When I signed up for the Knife Skills class at the Calphalon Culinary Center, I knew that it would be both the most useful cooking class I was signing up for, and the most expensive. When I arrived, it became rapidly clear why it was so expensive: the amenities are sumptuous, and there are multiple staff members devoted to a class of twelve people. Each of us had our own cooking station, our own burners, our own full set of tools (including something like 8 knives), bowls, pots, pans, and ingredients, plus a bottle of water. The room was large and spacious, with an enormous mirror over the instructor's prep area, plus another four large screen t.v. screens suspended about the room, also showing the prep area, just in case the mirror wasn't sufficient. And the instructor was miked. In addition to coat racks, there was a hat shelf and more shelves still, a separate cubby for each attendee's backpack or suitcase. We were given bruschetta to tide us over to dinner.
There wasn't just an instructor: there was an assistant instructor, a host/receptionist, and another staff member beyond that who showed up to help clean up after the class. The host/receptionist doubled as a wine server - there was a short menu of wines we could choose from, if we were so inclined. This being a class about knife skills, I wasn't inclined towards drinking at all. And the entire staff was friendly, helpful, knowledgable, and enthusiastic.
Three hours sounds like a lot in advance, but it flies by when there's so much to learn, so much to chop, julienne, mince, chiffonade, and other chopping, cutting, and peeling techniques. We ended up finishing cooking just at nine, so half the class had to go without eating. Takeout containers and plastic bags were provided for just such a purpose. Indeed, I'd made much more food than I could eat for one dinner, so took most of mine home too.
So, what did I learn? I learned how to hold knives, how to walk with them, how to care for them on a daily basis with a sharpening steel, and about using a whetstone and what kind to buy (Water-based ones. They're more expensive than oil-based ones, but don't take such large chunks out of the blades). The instructor said that when he's working, for every hour of constant knife use, he'll probably hone his blade four times.
The rest of the class centered around two knifework-intensive recipes: fruit salad and a gingered shrimp, chicken, and vegetable stir-fry. We went through knife use on a fruit-by-fruit basis, learning techniques for cutting fruit in decorative ways for elegant buffet tables. Segmenting oranges by knife; scooping out the core of a pear by melon scoop in order to leave the pear's shape intact; how to seed a papaya without bruising the fruit's flesh (use a knife, not spoon). Best of all, we learned to make very pretty quarters of pineapple, cutting away the seed pods to leave a spiral of curves and valleys. In addition to strawberries and kiwi, the salad was finished with triple sec, orange juice, and garnishes of mint and toasted coconut. I particularly liked the coconut.

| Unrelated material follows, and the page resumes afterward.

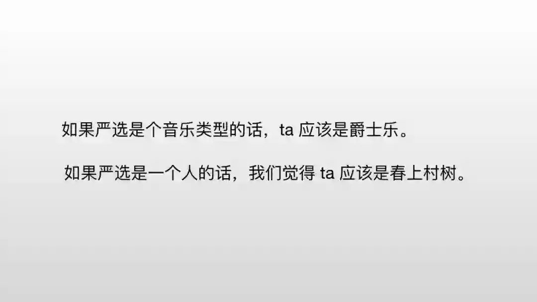 爵士乐好理解吧,村上也没什么不好理解的对吧,他的书——比如最新的《刺杀骑士团长》——就仍然是不注重情节,只注重氛围。几十页过去了,情节一点没动,光写氛围了。

There was less niftiness and more practicality to the stir-fry preparation. We learned how to efficiently dice onions, mince garlic, peel ginger (use the back of the knife), and to cut bok choy in half down the middle for prettiness. The class was useful too for giving me a sense for why different ingredients are cut to different sizes for a stir-fry - it's to better coordinate cooking times. I have the whole recipe on a sheet here, but there's not a great deal that's interested about mixing up pre-measured ingredients for marinades and sauces.
The Calphalon Culinary Center is ultimately designed as one big advertisement for the Calphalon range of cooking equipment. And it's quite effective. If you take one of their classes, they'll keep the store open for you afterwards, with a 20 percent discount on anything you buy. Many of us did. I only have lousy, cheap, poorly maintained knives at home, and after that class, it felt wrong not to invest in at least one decent knife. (I can buy more later. They're heavy and I'm moving in a few months.) Thus I am now the proud owner of a lovely santoku-style chef's knife and a honing steel, good for nearly all of my knife needs.
Yes, the class was expensive, but the money's well invested into very high-quality infrastructure. Only practice will give me real confidence using knives, but I feel I know a great deal of the theory of how to hold and use a knife properly. The class is also an effective sales pitch for the product line - but that says good things about the products in addition to sales technique. Coming home with stir-fry and fruit salad wasn't quite as cool as coming home with a box of truffles and chocolate-dipped strawberries, but the skills I learned tonight will be far more useful to me on a daily basis than chocolate-making will be.